Just make sure that your children don’t see how to set that option in the configuration screen! When the game begins, there is an initial draw to see who goes first. To help you see whose turn it is, the chip and the die of that player are highlighted.

Each player has a cubbyhole for his die on his side of the iPad, along with his name, and the die only appears in front of the player whose turn it is. With visual aids turned on, or if a player waits a while without moving his chip or moves it to the wrong place, the destination cell is highlighted too.

A typical die with dots or numbers can be a real challenge. Happy Geese solves this by offering dice with colors, shapes or letters. With these dice the chip has to be moved to the next cell with the color, form or letter that is drawn.

Snakes, ladders, geese and bridges come with fun animations that help understand their functionality. Other nice details are included in the games, such as the chips that move out of the way to help see the letters, colors or shapes on each cell.

When a player gets to the final cell, a podium appears with his chip together with a celebratory melody. Over time, players can gradually learn to play with the different items in each game (like snakes or ladders; each of them can be added or removed in any order) and can progress to the more difficult boards.

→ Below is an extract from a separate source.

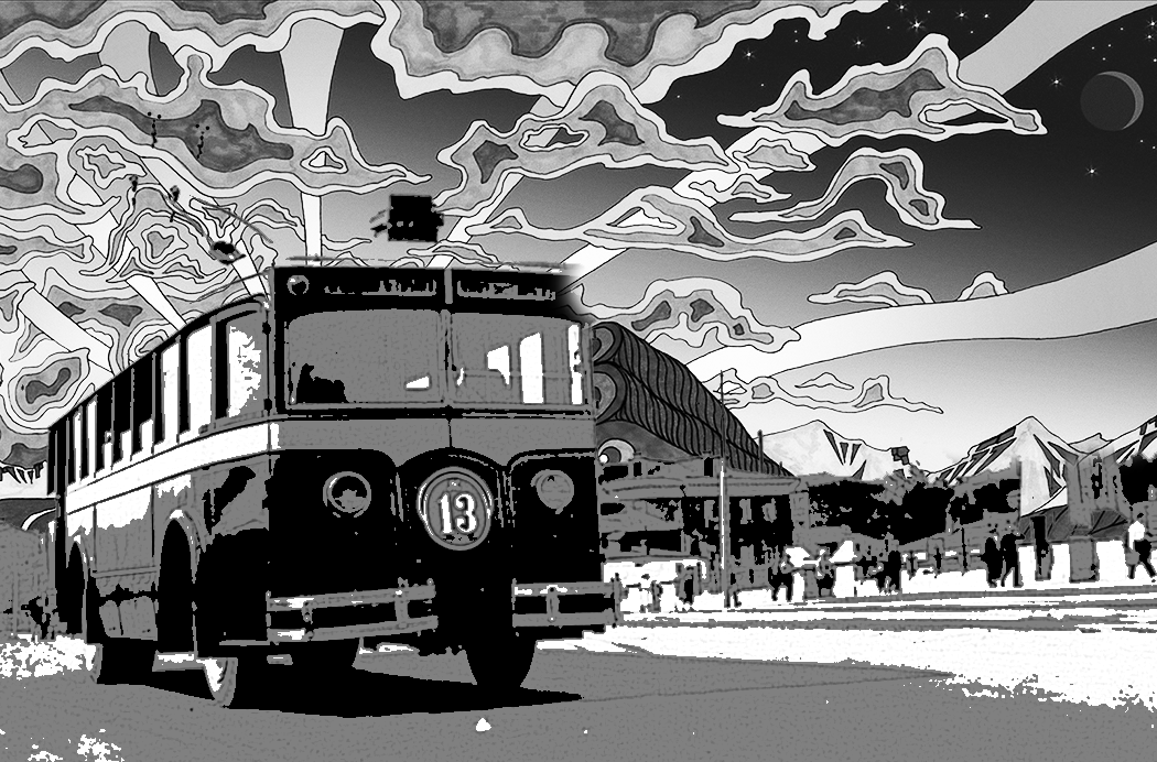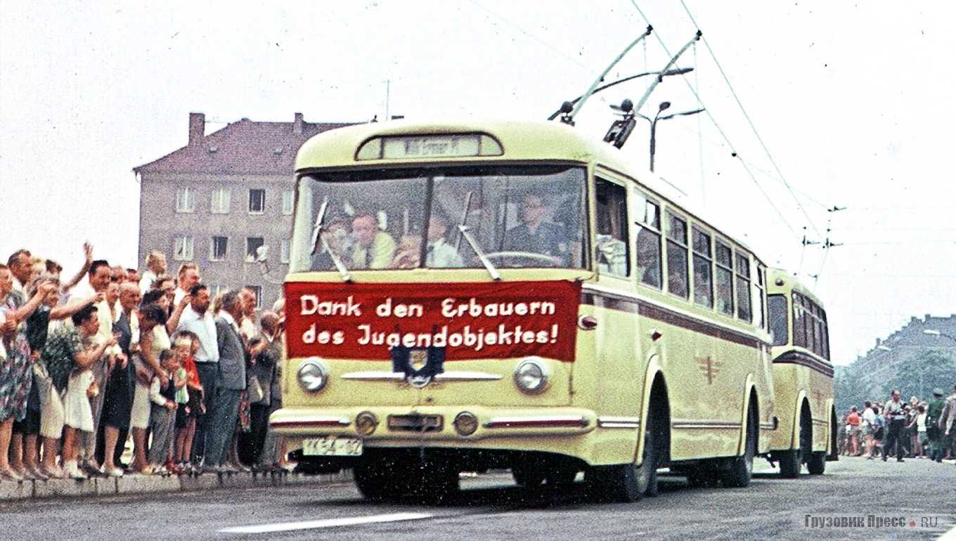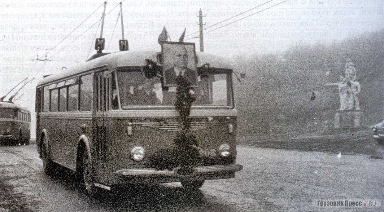 Škoda 8Тr в двухдверном исполнении для междугородной линии Симферополь–Алушта. На фото пуск участка у Ангарского перевала, 06.11.1959 г. Первый троллейбус украшен портретом Н.С. Хрущева

The most advanced board of each game looks quite similar in shape and length to that of the original game and once a child is comfortable with that one, the jump to the original game is not that great anymore.

Compared with the many versions available of Snakes and Ladders and the Game of the Goose, Happy Geese presents a more accessible option for very young children and children with special needs. Its wide range of possible configurations allows you to adapt the game to the capabilities of every child.

The help in managing turns, the chips with pictures of the players or the dice without numbers (never mind dots!) greatly increase the accessibility of these games. The developer, Appically, is committed to adding new games and boards to the app over the coming months.

In summary, Happy Geese should be seen as an interesting addition to the category of gaming apps adapted to children with special needs.